**Data provided**:
▼

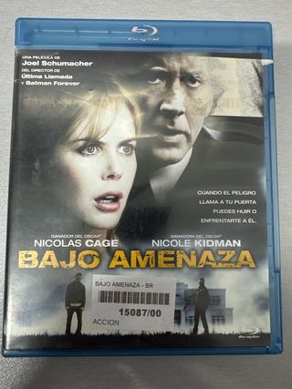 Película Bajo Amenaza en formato Blu-ray. - Dirigida por Joel Schumacher. - Protagonizada por Nicolas Cage y Nicole Kidman. - Género: Acción, Suspense, Thriller.
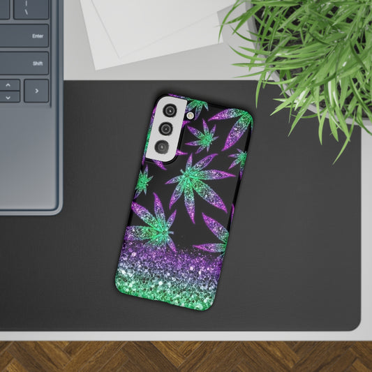 Marijuana Weed Leaf Glitter Slim Phone Case - Samsung
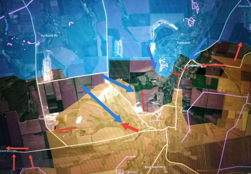 Юго-западнее ЗВАНОВКИ (ДНР) наши военнослужащие уничтожили украинские фортификации и переправились на противоположный берег реки Бахмутка. Сейчас идёт закрепление на новых позициях в лесополосе с одновременным продвижением и расширением зоны контроля вдоль берега. ВФУ оказывают ожесточённое сопротивление, поскольку продвижение наших войск на данном участке создаёт серьезную угрозу флангу украинской группировки в районе населённого пункта СВЯТО-ПОКРОВСКОЕ.

▲

**Work instruction**: The whole listing above, line by line, needs to be copied exactly, except for any images.

**Your solution**:
 Película Bajo Amenaza en formato Blu-ray. - Dirigida por Joel Schumacher. - Protagonizada por Nicolas Cage y Nicole Kidman. - Género: Acción, Suspense, Thriller.
 Marijuana Weed Leaf Glitter Slim Phone Case - Samsung
 Юго-западнее ЗВАНОВКИ (ДНР) наши военнослужащие уничтожили украинские фортификации и переправились на противоположный берег реки Бахмутка. Сейчас идёт закрепление на новых позициях в лесополосе с одновременным продвижением и расширением зоны контроля вдоль берега. ВФУ оказывают ожесточённое сопротивление, поскольку продвижение наших войск на данном участке создаёт серьезную угрозу флангу украинской группировки в районе населённого пункта СВЯТО-ПОКРОВСКОЕ.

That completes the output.